第1節 清明 ―桜舞う廊下で、株主代表訴訟をめぐる邂逅【続き1】は、さらに法学的な二人の議論と感情を掘り下げ、二人の応酬を厚みのある内容へと深化させます。

ここにお載せしておりますイラストは、私の言葉の羅列により、A.I.が作成してくれました。

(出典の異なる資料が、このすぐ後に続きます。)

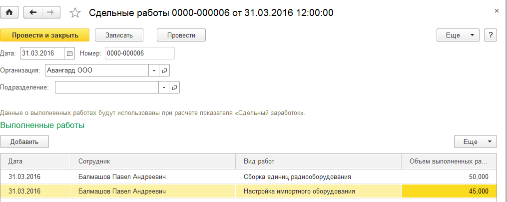 Данные для расчета зарплаты. После того, как пользователь убедился, что все документы обработаны, следует проверить и при необходимости ввести данные документом "Данные для расчета зарплаты": для сдельной выработки, для расчета начислений по фактическим показателям.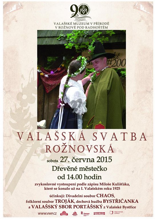 Rožnov pod Radhoštěm 27. 6. 2015 v 14:00 VALAŠSKÁ SVATBA ROŽNOVSKÁ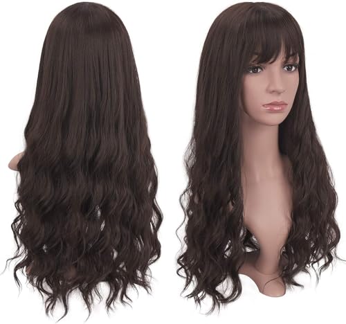 Generic - Long Wavy Wig with Bangs Synthetic Wigs for Women Heat Resistant Brown Wig

 廊下に舞った桜色の付箋を拾い集めながら、私たちの会話は自然と熱を帯びていった。


「株主代表訴訟って、やっぱり経営者にとっては怖い制度よね」

 私は小さく笑いながら、散らばった資料を抱え直した。

「でも、その怖さがあるからこそ、取締役は自らを律する。株主は単なる出資者にとどまらず、会社の監視者でもあるのだと思うわ」


 隆也は歩みを止め、真剣な眼差しで私を見つめ返す。

「それは理想論だよ。確かに株主代表訴訟は取締役の不正を防ぐ一つの手段だ。でも濫訴が増えれば、経営の自由は失われる。実際にアメリカでは、デリバティブ・スーツが濫用されて和解金ビジネスに変質した例もある。制度が健全に機能するには歯止めが必要なんだ」


 私はその言葉を反芻し、胸の中で反論を形にした。

「でも、だからこそ日本では“請求前置主義”を置いたのよね。株主はまず会社に訴訟提起を求めて、それでも取締役が動かなければ裁判所に訴えることができる。制度的なフィルターはすでに存在しているわ」


 隆也は口元にわずかな笑みを浮かべた。

「その通り。けれど実務を見れば、株主が少数派のときには会社に声が届かないこともある。制度の理想と現実のギャップは埋まっていない。……大隅健一郎先生も、“制度は人間の弱さを前提に設計されなければならない”と書いていたよね」


 私は胸の奥が温かくなるのを感じた。

「ええ。先生の言葉に何度も救われたわ。株主代表訴訟の意義は、企業社会に民主的統制の芽を植え付けたこと。たとえ限界があっても、それは次の改革への踏み石になるはず」

挿絵(By みてみん)

 窓から吹き込む春風に、再び桜の花びらが舞い込んだ。

 一瞬の沈黙のあと、私は思い切って彼に尋ねた。


「隆也、あなたなら将来、株主代表訴訟をどう変える?」


 彼はしばし考え込み、目を細めて答えた。

「僕なら、経営判断原則をもっと明確に位置づけたい。取締役が合理的に判断したなら、その結果が失敗でも免責される――そうしたルールが強く働けば、萎縮せずに挑戦できる経営が可能になるから」


 私は頷きつつも、内心で反駁を練った。

「でもそれだと、結局は“経営者を守る制度”になってしまわない?株主の声が届かなくなる危険があるわ。……私は、むしろ情報開示を徹底して、株主が正しく判断できるようにすべきだと思う」


 隆也は静かに笑みを返した。

「なるほど。やっぱり君は株主側に立って考えるんだな」

「ええ。あなたは経営者側?」

「いや、両方の視点を行き来したい。制度は常にバランスだから」


 その瞬間、私は気づいた。

 ――議論の相手でありながら、彼は敵ではない。互いに異なる視点を差し出すことで、見えなかった景色が浮かび上がってくる。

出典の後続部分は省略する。